== TO DO ==
Retype nothing except the lines below from the one with "1. 외부의 단열재 위에" through the one with "Foto 1 : Trap", exactly, with images left out.

== SUPPLIED DATA ==
┄┄┄┄┄┄
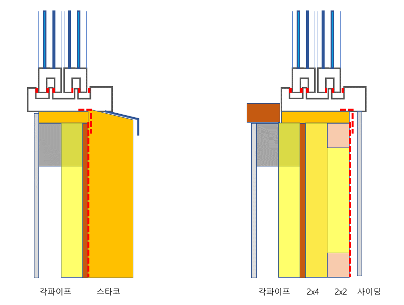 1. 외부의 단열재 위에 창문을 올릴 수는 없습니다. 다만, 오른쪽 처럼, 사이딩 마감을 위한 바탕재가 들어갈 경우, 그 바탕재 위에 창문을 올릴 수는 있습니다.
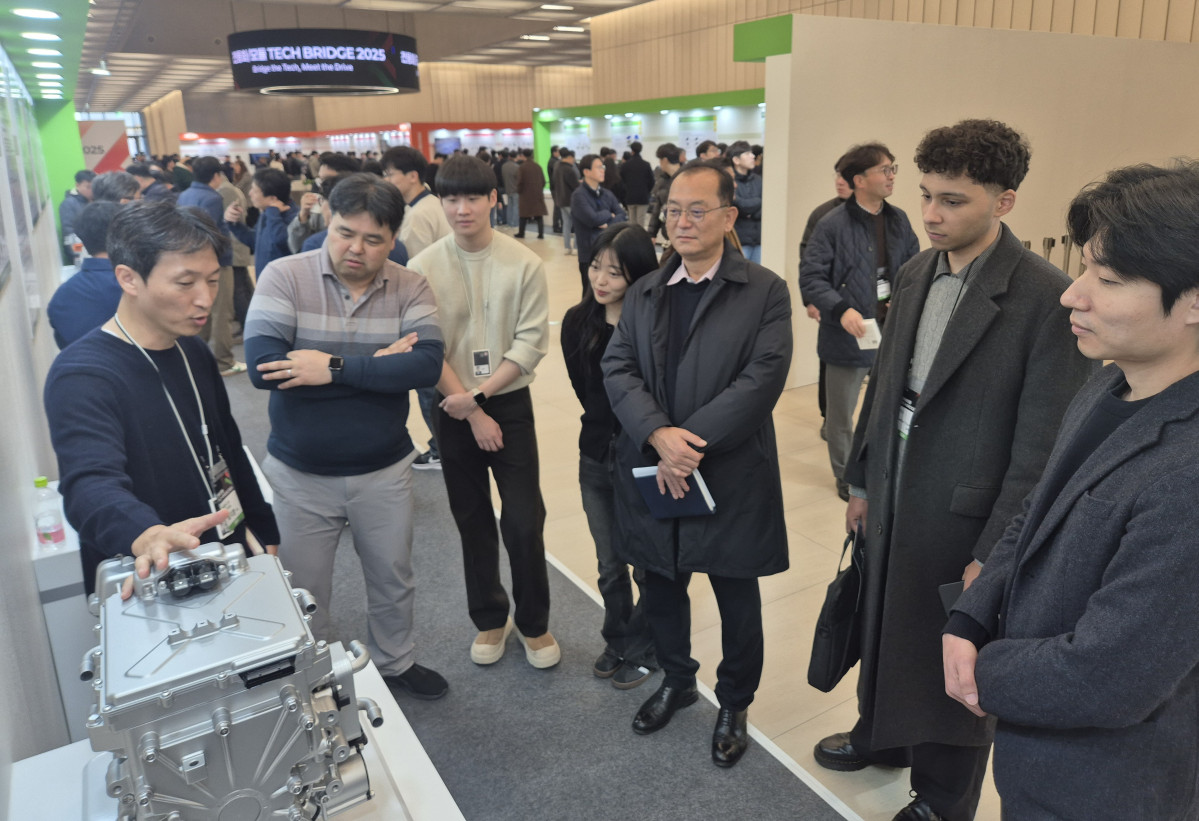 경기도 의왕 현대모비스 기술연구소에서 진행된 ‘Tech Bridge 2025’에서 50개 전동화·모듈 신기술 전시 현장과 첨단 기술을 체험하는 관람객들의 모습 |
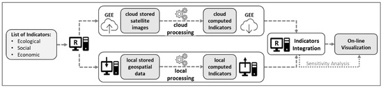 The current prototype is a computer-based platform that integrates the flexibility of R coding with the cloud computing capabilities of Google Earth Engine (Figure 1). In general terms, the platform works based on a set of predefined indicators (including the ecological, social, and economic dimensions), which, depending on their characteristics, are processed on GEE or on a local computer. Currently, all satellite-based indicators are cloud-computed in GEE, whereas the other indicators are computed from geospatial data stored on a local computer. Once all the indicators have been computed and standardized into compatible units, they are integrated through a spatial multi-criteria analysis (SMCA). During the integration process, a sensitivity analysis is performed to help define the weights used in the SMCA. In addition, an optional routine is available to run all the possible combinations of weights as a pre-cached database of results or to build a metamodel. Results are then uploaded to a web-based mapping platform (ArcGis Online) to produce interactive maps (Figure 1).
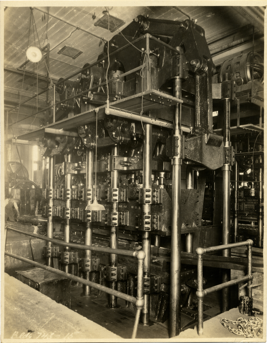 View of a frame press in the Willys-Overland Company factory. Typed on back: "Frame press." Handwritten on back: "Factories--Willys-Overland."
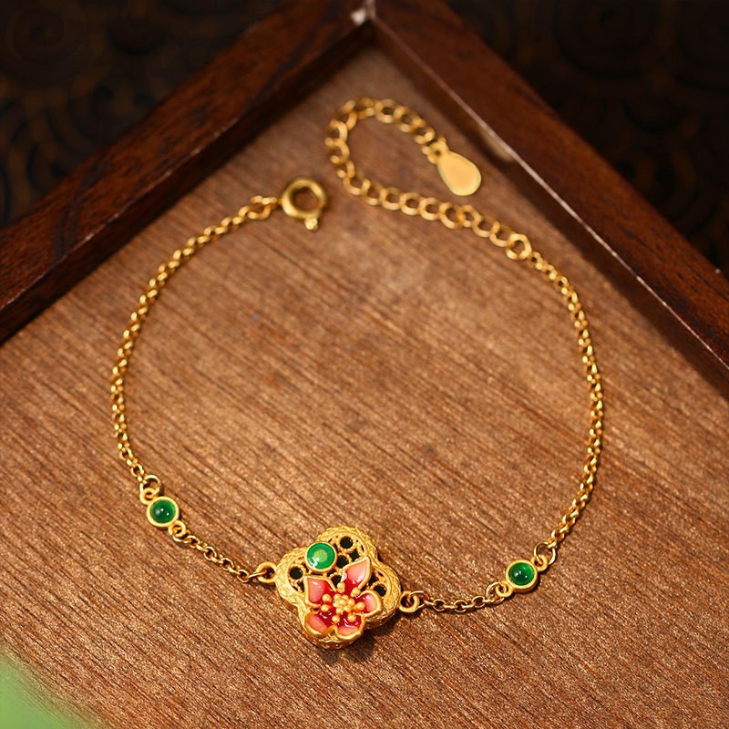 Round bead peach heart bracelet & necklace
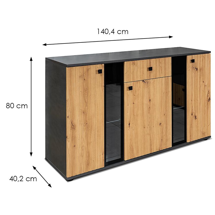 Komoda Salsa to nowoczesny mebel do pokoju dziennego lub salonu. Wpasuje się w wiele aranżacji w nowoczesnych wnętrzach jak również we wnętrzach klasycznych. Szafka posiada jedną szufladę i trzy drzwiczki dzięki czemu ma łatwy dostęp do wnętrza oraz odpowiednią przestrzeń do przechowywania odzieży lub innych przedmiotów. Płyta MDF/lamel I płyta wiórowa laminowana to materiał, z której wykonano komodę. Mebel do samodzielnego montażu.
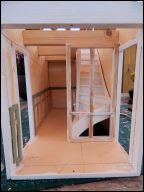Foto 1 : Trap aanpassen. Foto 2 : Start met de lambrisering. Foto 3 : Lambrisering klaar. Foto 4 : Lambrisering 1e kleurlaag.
┄┄┄┄┄┄
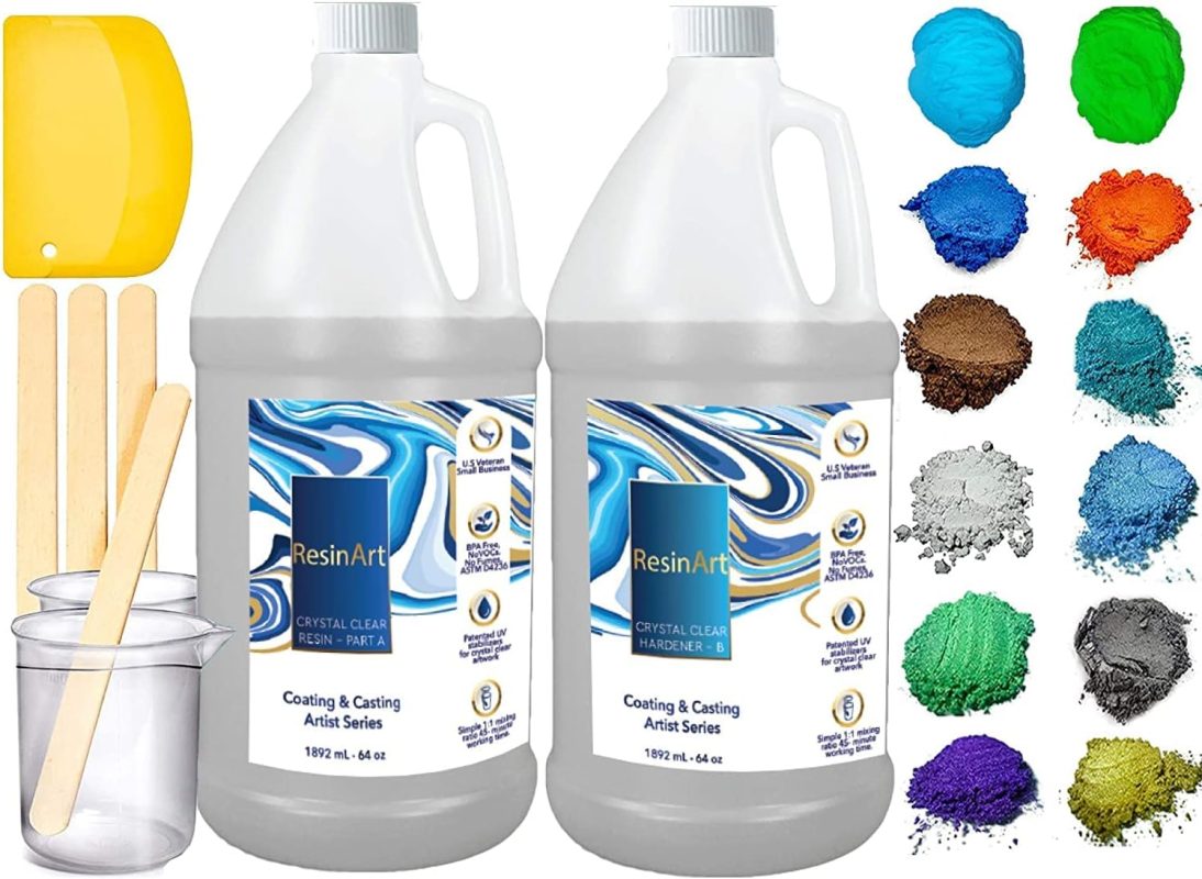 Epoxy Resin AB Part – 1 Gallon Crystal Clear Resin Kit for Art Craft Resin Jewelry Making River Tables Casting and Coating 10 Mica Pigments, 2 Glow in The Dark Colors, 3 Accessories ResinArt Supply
┄┄┄┄┄┄
== YOUR RESPONSE ==
 1. 외부의 단열재 위에 창문을 올릴 수는 없습니다. 다만, 오른쪽 처럼, 사이딩 마감을 위한 바탕재가 들어갈 경우, 그 바탕재 위에 창문을 올릴 수는 있습니다.
 경기도 의왕 현대모비스 기술연구소에서 진행된 ‘Tech Bridge 2025’에서 50개 전동화·모듈 신기술 전시 현장과 첨단 기술을 체험하는 관람객들의 모습 |
 The current prototype is a computer-based platform that integrates the flexibility of R coding with the cloud computing capabilities of Google Earth Engine (Figure 1). In general terms, the platform works based on a set of predefined indicators (including the ecological, social, and economic dimensions), which, depending on their characteristics, are processed on GEE or on a local computer. Currently, all satellite-based indicators are cloud-computed in GEE, whereas the other indicators are computed from geospatial data stored on a local computer. Once all the indicators have been computed and standardized into compatible units, they are integrated through a spatial multi-criteria analysis (SMCA). During the integration process, a sensitivity analysis is performed to help define the weights used in the SMCA. In addition, an optional routine is available to run all the possible combinations of weights as a pre-cached database of results or to build a metamodel. Results are then uploaded to a web-based mapping platform (ArcGis Online) to produce interactive maps (Figure 1).
 View of a frame press in the Willys-Overland Company factory. Typed on back: "Frame press." Handwritten on back: "Factories--Willys-Overland."
 Round bead peach heart bracelet & necklace
 Komoda Salsa to nowoczesny mebel do pokoju dziennego lub salonu. Wpasuje się w wiele aranżacji w nowoczesnych wnętrzach jak również we wnętrzach klasycznych. Szafka posiada jedną szufladę i trzy drzwiczki dzięki czemu ma łatwy dostęp do wnętrza oraz odpowiednią przestrzeń do przechowywania odzieży lub innych przedmiotów. Płyta MDF/lamel I płyta wiórowa laminowana to materiał, z której wykonano komodę. Mebel do samodzielnego montażu.
Foto 1 : Trap aanpassen. Foto 2 : Start met de lambrisering. Foto 3 : Lambrisering klaar. Foto 4 : Lambrisering 1e kleurlaag.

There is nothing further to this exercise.